The heap initially contains the start state of the DFA labeled by the empty string. This shortest string is repeatedly taken out of the heap together with the state reachable by it. If this state is final, the string is recognized by supplying it to the enumerating function `f`. All the edges leading out of said state augment the current string by one more character. This algorithm in fact performs a level-first search of the DFA. As it is the enumeration is extremely simple but crude and too low level.
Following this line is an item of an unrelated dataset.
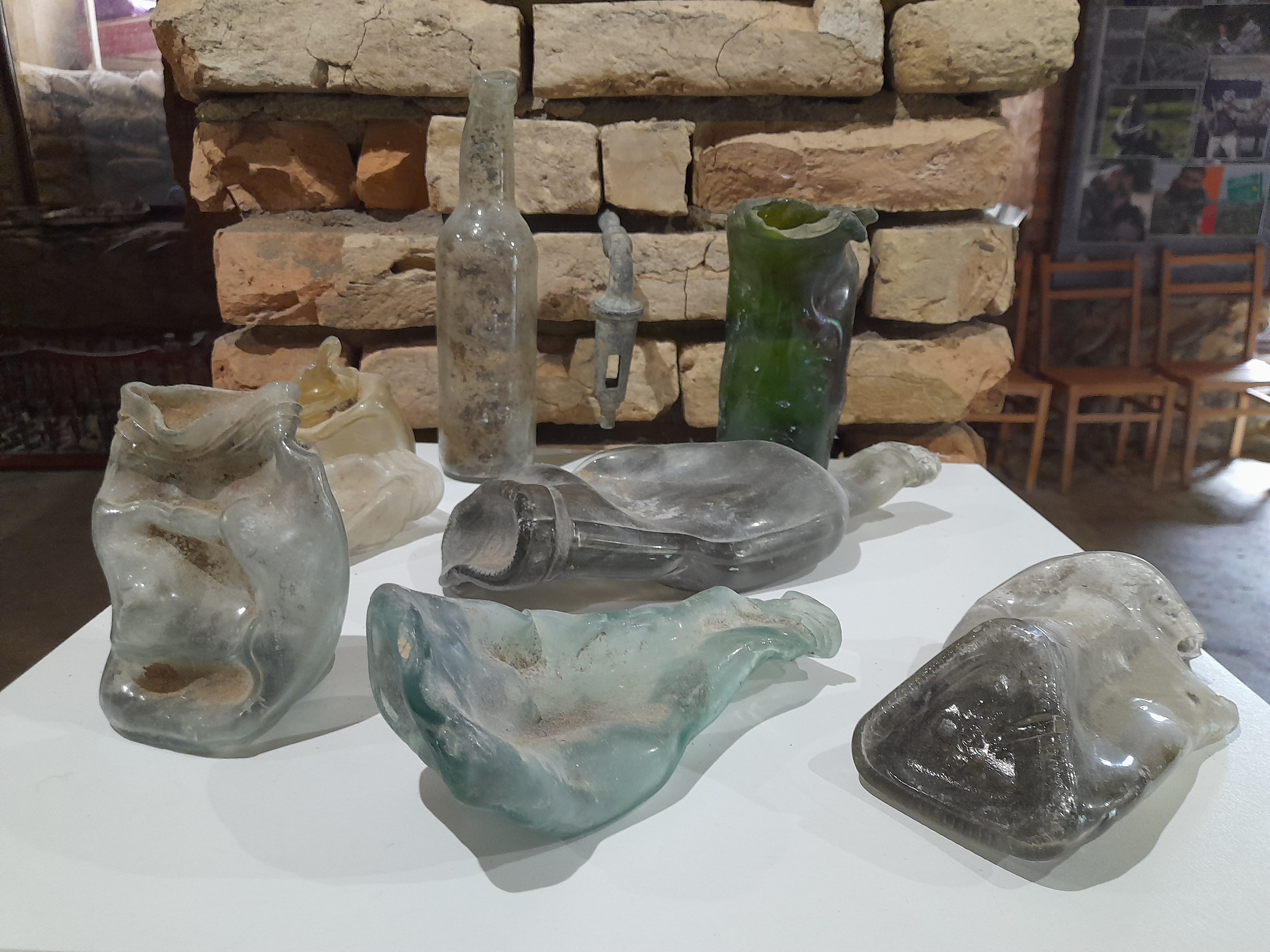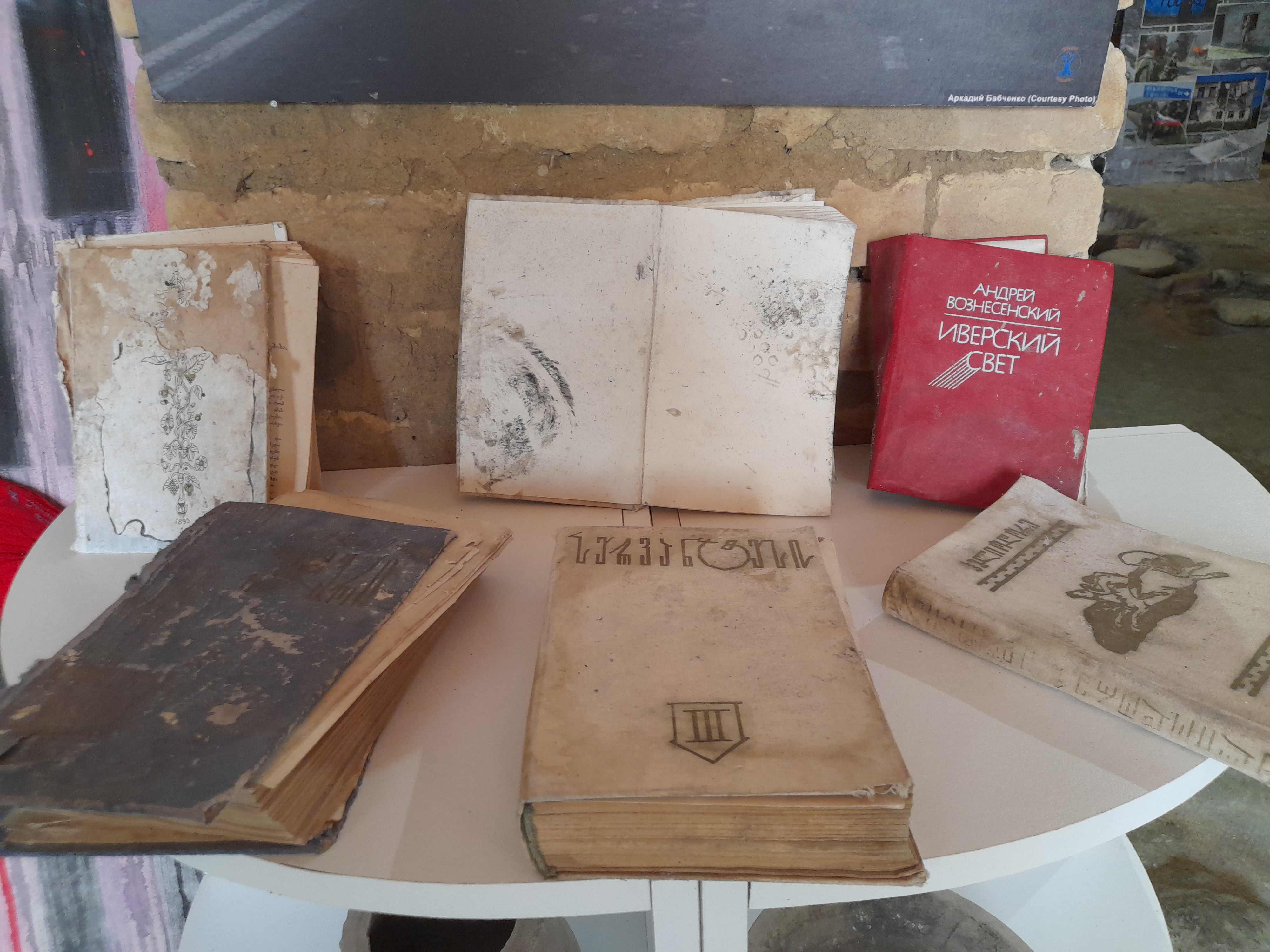 На столике выставлены стеклянные бутылки и банки причудливой формы: стекло расплавилось во время пожара. Жители одного из домов в Эргнети принесли несколько книг, уцелевших в огне. Среди них – том сочинений Фридриха Шиллера. На форзаце книги отпечатался след военного ботинка.

It is not difficult to wrap it in an unfold with rather better functional structure, besides the ability to control the number of strings visited:

```let unfold_iterator f e (iter : ('a -> unit) -> 'b -> unit) o =
let arg = ref e
and res = ref [] in
begin try
iter (fun x -> match f (!arg, x) with
| Some (e, y) -> arg := e; res := y :: !res
| None        -> raise Exit) o
with Exit -> () end;
List.rev !res
```

With this, stopping after generating N strings is a one-liner:

```let take_iterator n =
unfold_iterator (fun (i, x) -> if i > 0 then Some (i-1, x) else None) n
```

as is directly taking the first N character strings as such recognized by a textual DFA:

```let implode l =
let b = Buffer.create 8 in
Buffer.contents b

let take_str n dfa = List.map implode (take_iterator n (enum_dfa compare) dfa)
```

As a first example, here is the DFA recognizing Doug McIlroy's sandwich language `ab*a`:

```let sandwich =
let     s2 = { final = true ; succ = []; } in
let rec s1 = { final = false; succ = [('b', s1); ('a', s2)]; } in
let     s0 = { final = false; succ = [('a', s1)]; } in
s0
```

Its first six words are:

```# take_str 6 sandwich ;;
- : string list = ["aa"; "aba"; "abba"; "abbba"; "abbbba"; "abbbbba"]
```

As a second example, here is the DFA recognizing Doug McIlroy's even A's language `(ab*a|b)*`:

```let even_a =
let rec s1 = { final = false; succ = [('a', s0); ('b', s1)]; }
and s0 = { final = true ; succ = [('b', s0); ('a', s1)]; } in
s0
```

Its first 20 words are:

```# take_str 20 even_a ;;
- : string list =
[""; "b"; "aa"; "bb"; "aab"; "aba"; "baa"; "bbb"; "aaaa"; "aabb"; "abab";
"abba"; "baab"; "baba"; "bbaa"; "bbbb"; "aaaab"; "aaaba"; "aabaa"; "aabbb"]
```

Note that the brevity of the enumeration procedure has nothing to do with functional programming or the expressiveness of OCaml: the same solution would translate almost verbatim to an imperative language like C, modulo the explicit creation and destruction of the heap and its elements. Also, note how graph traversals are one-to-one with the data structure used to keep intermediate state: with a stack you have DFS, with a queue you have BFS, and with a priority queue you have some kind of LFS, depending on the underlying order chosen.